Girl at War: A Novel

Sharon stood and gave an introduction while the projector blinked a big red NO SIGNAL on the screen. I watched an intern jiggle the connection wires. After a second reset the slide show appeared—“Children in Combat” in 3-D Word Art autofocusing overhead.

“Presenting first is Ana Juri?,” Sharon said. “Ana is a survivor from the Yugoslavian Civil War.” The slide exhibited before-and-after maps of Yugoslavia and its subsequent color-coded divisions. “At age ten, she was also involved in rebel combat missions against Serb paramilitary forces.” A quiet murmur floated across the tables at this. “I’ll let her introduce herself more fully though,” Sharon said, which I took as my cue to stand.

Unsure applause rippled through the room, and I walked to the spot where Sharon had been standing. The auditorium felt much bigger from the front. I pulled the folded index cards from my pocket, but the bullet points now seemed useless. I coughed, and it echoed across the chamber. A memory of my father resurfaced. I had been nervous about performing a solo part in my third-grade Christmas concert. Just sing loud, he had said. If you’re loud, everyone will believe you got it exactly right.

“I’m Ana,” I said. “I’m twenty and in my third year at NYU, studying literature.” There was a time when I would have been afraid of this room, of the dignitaries and their stiff, suited language, but now I felt more weary than scared. I’d grown out of fear like my childhood clothes, and after the initial adrenaline subsided my voice settled.

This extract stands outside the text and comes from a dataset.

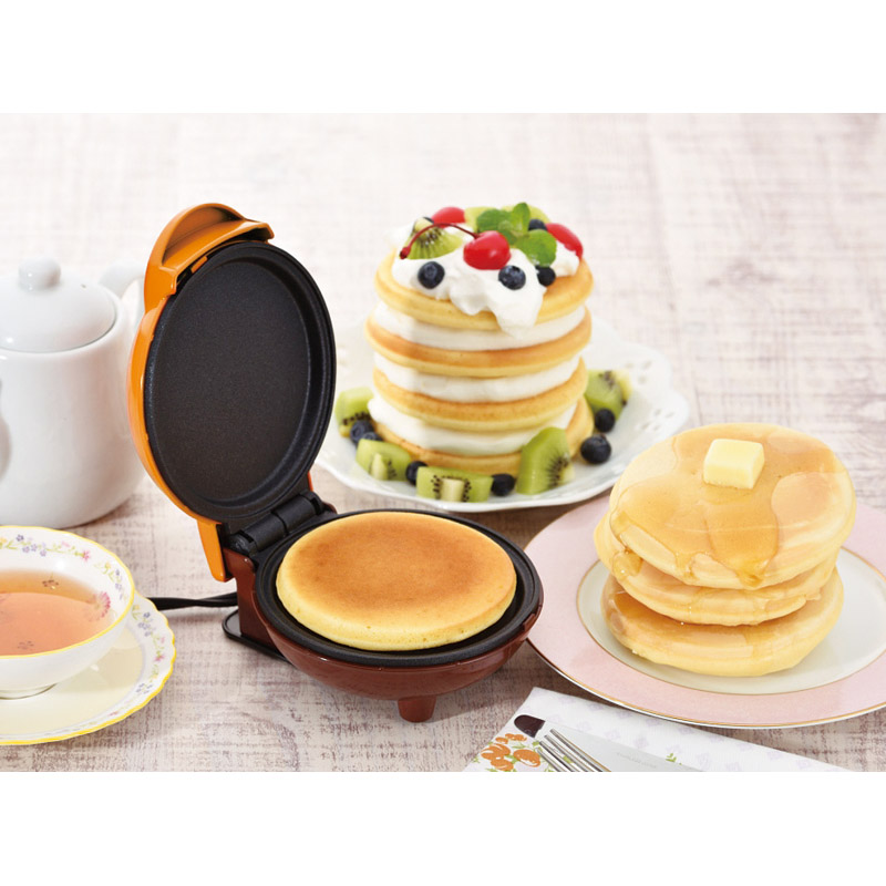 手のひらサイズのパンケーキメーカー。直径10㎝のプチパンケーキが約3分で作れます。プレートはフッ素樹脂塗装でお手入れ簡単。お好み焼きやマドレーヌなども作れるかんたんレシピ付き。

“There’s no such thing as a child soldier in Croatia,” I declared as the next slide flashed—two teenage girls sporting camouflage and scuff-marked assault rifles. “There is only a child with a gun.” It was a semantic argument, and bullshit at that, and just like in the lecture halls at university they were eating it up.

The girls in the picture were strangers, but they could have just as easily been me. Caught in that void between childhood and puberty, skin still smooth but limbs gawky from growth spurts. Each held a Kalashnikov across her chest. The taller girl had her other arm over the shorter one’s shoulder; they might have been sisters. Both gave half smiles to the camera, as if they remembered from another time that one was supposed to smile in photographs.

Who had taken these pictures, I wondered as I continued on with the speech, recounting our journey home, my parents’ murder, the village I’d gone to after. Certainly not the locals, who wouldn’t find the image notable enough to warrant a photograph. Too early in the war for trauma tourists, who appeared only after the danger was gone. Must have been journalists, a breed of people I still couldn’t understand. Outsiders who claimed the moral high ground, then stood back and snapped photos during encounters with bloodied children.

“Combat was not an option,” I said. “It was just a thing we did to live. A part of home.”

The slides made the girls look foreign—animals captured on safari—but we were far less exotic than that. When I thought of my own weapon I remembered not its existential power but its weight, heavy against my slight frame. The way its strap rubbed a raw spot on my shoulder. The almost ticklish sensation of my stomach absorbing the pulsating mechanical rhythm as I shot from the hip.

We were not like the children of Sierra Leone who, a continent away, were fighting their own battles that same year; we weren’t kidnapped and spoon-fed narcotics until we were numbed enough to kill, though now that it was over I sometimes wished for the excuse. We took no orders, sniped at the JNA from blown-out windows of our own accord, then in the next moment played cards and had footraces. And though I had learned to expel weapons from my everyday thoughts, speaking of them now I felt something I wasn’t expecting—longing. As jarring as the guns were to the pale crowd before me, for many of us they were synonymous with youth, coated in the same lacquer of nostalgia that glosses anyone’s childhood. But I knew no matter how I twisted my words I could never explain that I felt more at ease among those rifles than I did in their New York City skyscraper.